Concluding, I saw that there is a different environment in the communities on the south zone than in the north zone. To work with each of them is challenging in different ways, and there are good and bad sides to both. I have described some difficulties that arise in Vidigal where everyone wants to participate, have something to say and many times have the last word. Now I am identifying the opposite, which is the difficulty that appears where no one wants to speak and it is harder to reach a consensus not because there are too many opinions but because there is so much silence. The manager of this community, who had attended some of the meetings to plan the Rio +20 event in Vidigal, told me “I saw how you gathered so many people in those reunions, here I find it almost impossible to get people together. You’ve seen it, I can barely find the people because there is nobody on the streets.” But, even though at a slower pace, they are also infiltrating the community. Today, they said, it was a very good day. We talked with a few local business owners and they all were interested in participating on a survey that they will hand out next week.
This survey is an attempt to map out and identify needs that commerce in the community has. They want to find out how many business initiatives there are in the area, how many are regulated, how many are getting benefits from the state, if they can connect them with a program that funds small businesses, if they need any course support, etc. It was great to see that those who we asked did not even agreed to take the survey but also wanted to get involved and add and remove questions of the survey themselves.

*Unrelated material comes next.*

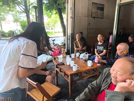 同学们还与当地的退休党员干部展开对话。老党员们分享的为人民服务经验和感人故事,让同学们深受触动,进一步坚定了我们服务基层、奉献社会的决心。
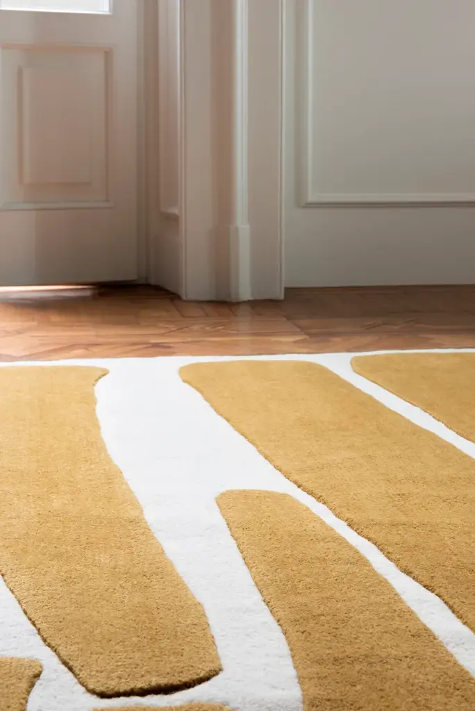 Material: WoolKnot Density: 60 knots/inch²Pile Height: 4 - 8mmTechnique: Hand-knottedCustom sizes and colors on requestThe word " tratto" in Italian describes the single or repeated act of producing lines and brushstrokes while drawing, sketching, or painting, as well as engraving, carving, and printing on different surfaces. The various signs, depth, thickness, brightness, frequency, energy and uniformity are the hand-knotted collection's distinctive characteristics, distinguished by multiple non-standard shapes, experimentation with perforated surfaces and bright Colors.Magenta's curved and irregular shape emphasizes its dynamism, transforming it into the perfect binder between elements of an interior. Magenta is composed of 100% wool, has a knot density of 60 knots/inch², and a pile height ranging from 4 to 8 millimeters.

As the manager said, this is something done for the community and they are beginning to see that. Even though the government can appear as careless or its policies be inefficient, the people that work at the lower levels such as her, her assistant or others in similar positions are of good heart and do this because they find very rewarding and genuinely want to help (I must add here that this a personal impression I have gotten here, because from what I have been asking I found many of the people working in these positions to be extremely well formed in educational terms, while from what I know the salary does not correspond this. Many even had other better paid jobs before that they left to become involved in this initiative.) Once again, in this different context I saw the start of a positive evolution towards development and a more peaceful environment. Hopefully things continue to more towards change in this direction and locals can get a little more of, as the guy on the main picture tattooed on his arm, Felicidade (happiness).